▸ **TASK BRIEF**: Every record below is to be restated verbatim, though its images are not.
-.-.-
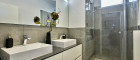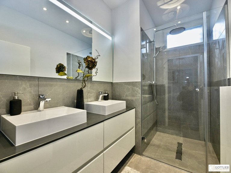 + Tageslicht-Duschbad mit bodenebener Glaswand-Dusche, Doppelwaschtisch mit Unterschrank und Spiegel sowie Handtuchwärmer
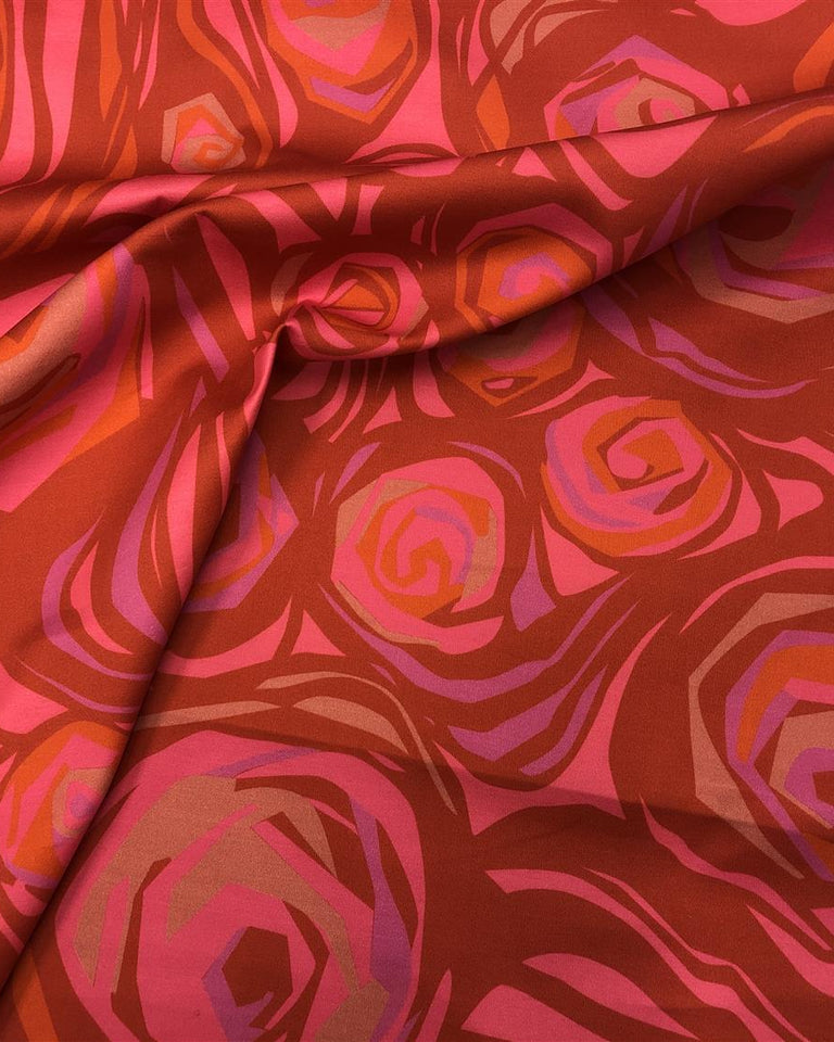 Satengvevd bomull med mønsteret Ruusu. Formgitt av den kjente finske tekstildesigneren Marjatta Metsovaara i 1962.
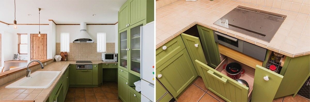 キッチンに入るとまず目に飛び込んでくるのが、みずみずしい若草色です。やさしい色合いのタイルともマッチした心弾むような配色は「来てくれた人によく〝癒やされる〟と言われます」(奥様)。「家族皆で並んで料理がしたい」と、広々としたL字型のキッチンにしました。
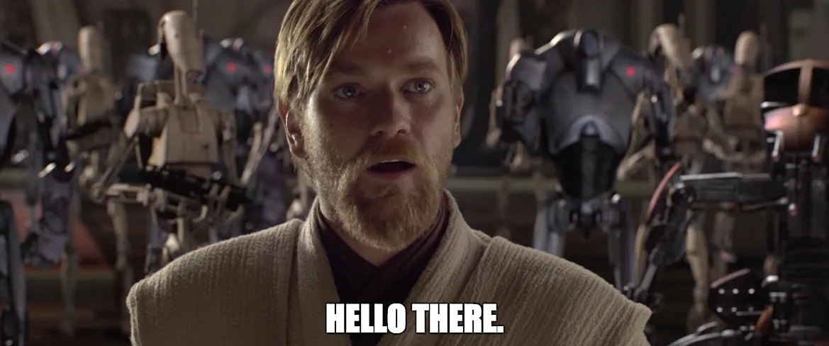 Obi-Wan Kenobi drops the most casual greeting in Star Wars history while surrounded by enemy droids. The ultimate meme for making an entrance.
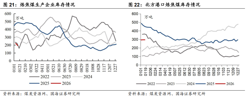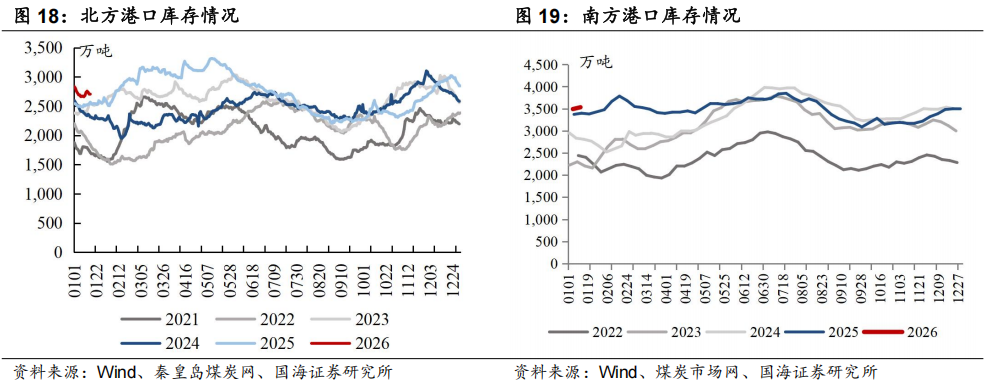 库存:12月动力煤港口库存提升、焦煤上游矿山库存提升动力煤库存:港口库存提升。2025年12月末,动力煤生产企业库存较月初(下同)降低10.3万吨至396.9万吨,部分在产性价比高的煤矿销售略有好转;北方港口动力煤库存提升130.8万吨至2,840.6万吨,同比提升286万吨,港口调入因贸易商拉运积极性有限而减少,港口调出亦受电厂日耗偏低而降低,整体调入高于调出;六大电厂库存降低115.5万吨至1337.5万吨。炼焦煤库存:上游库存提升。2025年12月底较月初,炼焦煤生产企业库存环比上升20.22万吨至211.74万吨,仍处同期较低水平;北港焦煤库存环比上升6万吨至295.05万吨;焦化厂炼焦煤库存上升6.11万吨至295.05万吨;钢厂炼焦煤库存上升3.21万吨至528.68万吨。
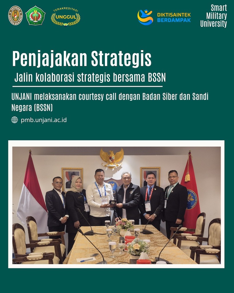Universitas Jenderal Achmad Yani (UNJANI) kembali menunjukkan keseriusannya dalam pengembangan dunia pendidikan dan keamanan siber nasional melalui agenda penting di IndoDefence Expo & Forum 2025 yang berlangsung pada 11–14 Juni 2025. Dalam kegiatan tersebut, UNJANI melaksanakan courtesy call dengan Badan Siber dan Sandi Negara (BSSN) dalam rangka menjajaki kolaborasi strategis di bidang penelitian, pengabdian kepada masyarakat, serta program pertukaran dosen (lecture exchange).
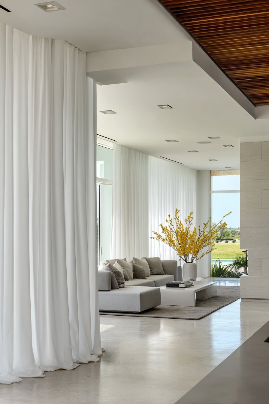 Open-concept living requires creative solutions for defining spaces while maintaining flow, and white linen curtains on ceiling-mounted tracks offer elegant flexibility. These curtains transform from decorative window treatments to functional room dividers, creating privacy or separation when needed while disappearing when open floor plans serve better. The ceiling tracks allow smooth, silent operation, while the white linen maintains visual continuity between spaces rather than creating harsh divisions. This solution provides the adaptability modern living demands without permanent walls that limit future layout changes.
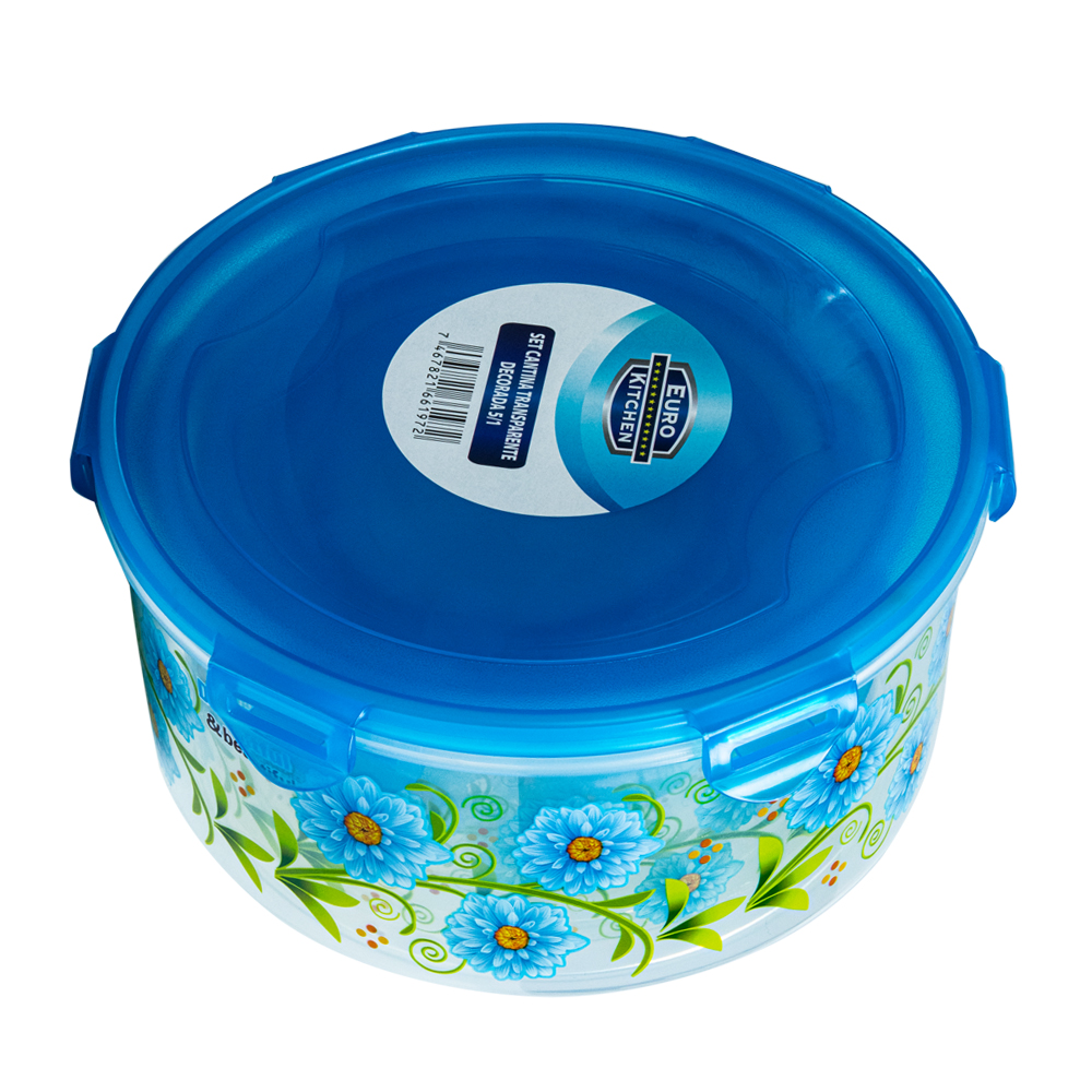 Set de Cantinas Redondas Azul Estampadas 5 en 1
-.-.-
▸ **REPLY**:
 + Tageslicht-Duschbad mit bodenebener Glaswand-Dusche, Doppelwaschtisch mit Unterschrank und Spiegel sowie Handtuchwärmer
 Satengvevd bomull med mønsteret Ruusu. Formgitt av den kjente finske tekstildesigneren Marjatta Metsovaara i 1962.
 キッチンに入るとまず目に飛び込んでくるのが、みずみずしい若草色です。やさしい色合いのタイルともマッチした心弾むような配色は「来てくれた人によく〝癒やされる〟と言われます」(奥様)。「家族皆で並んで料理がしたい」と、広々としたL字型のキッチンにしました。
 Obi-Wan Kenobi drops the most casual greeting in Star Wars history while surrounded by enemy droids. The ultimate meme for making an entrance.
 库存:12月动力煤港口库存提升、焦煤上游矿山库存提升动力煤库存:港口库存提升。2025年12月末,动力煤生产企业库存较月初(下同)降低10.3万吨至396.9万吨,部分在产性价比高的煤矿销售略有好转;北方港口动力煤库存提升130.8万吨至2,840.6万吨,同比提升286万吨,港口调入因贸易商拉运积极性有限而减少,港口调出亦受电厂日耗偏低而降低,整体调入高于调出;六大电厂库存降低115.5万吨至1337.5万吨。炼焦煤库存:上游库存提升。2025年12月底较月初,炼焦煤生产企业库存环比上升20.22万吨至211.74万吨,仍处同期较低水平;北港焦煤库存环比上升6万吨至295.05万吨;焦化厂炼焦煤库存上升6.11万吨至295.05万吨;钢厂炼焦煤库存上升3.21万吨至528.68万吨。
Universitas Jenderal Achmad Yani (UNJANI) kembali menunjukkan keseriusannya dalam pengembangan dunia pendidikan dan keamanan siber nasional melalui agenda penting di IndoDefence Expo & Forum 2025 yang berlangsung pada 11–14 Juni 2025. Dalam kegiatan tersebut, UNJANI melaksanakan courtesy call dengan Badan Siber dan Sandi Negara (BSSN) dalam rangka menjajaki kolaborasi strategis di bidang penelitian, pengabdian kepada masyarakat, serta program pertukaran dosen (lecture exchange).
 Open-concept living requires creative solutions for defining spaces while maintaining flow, and white linen curtains on ceiling-mounted tracks offer elegant flexibility. These curtains transform from decorative window treatments to functional room dividers, creating privacy or separation when needed while disappearing when open floor plans serve better. The ceiling tracks allow smooth, silent operation, while the white linen maintains visual continuity between spaces rather than creating harsh divisions. This solution provides the adaptability modern living demands without permanent walls that limit future layout changes.
 Set de Cantinas Redondas Azul Estampadas 5 en 1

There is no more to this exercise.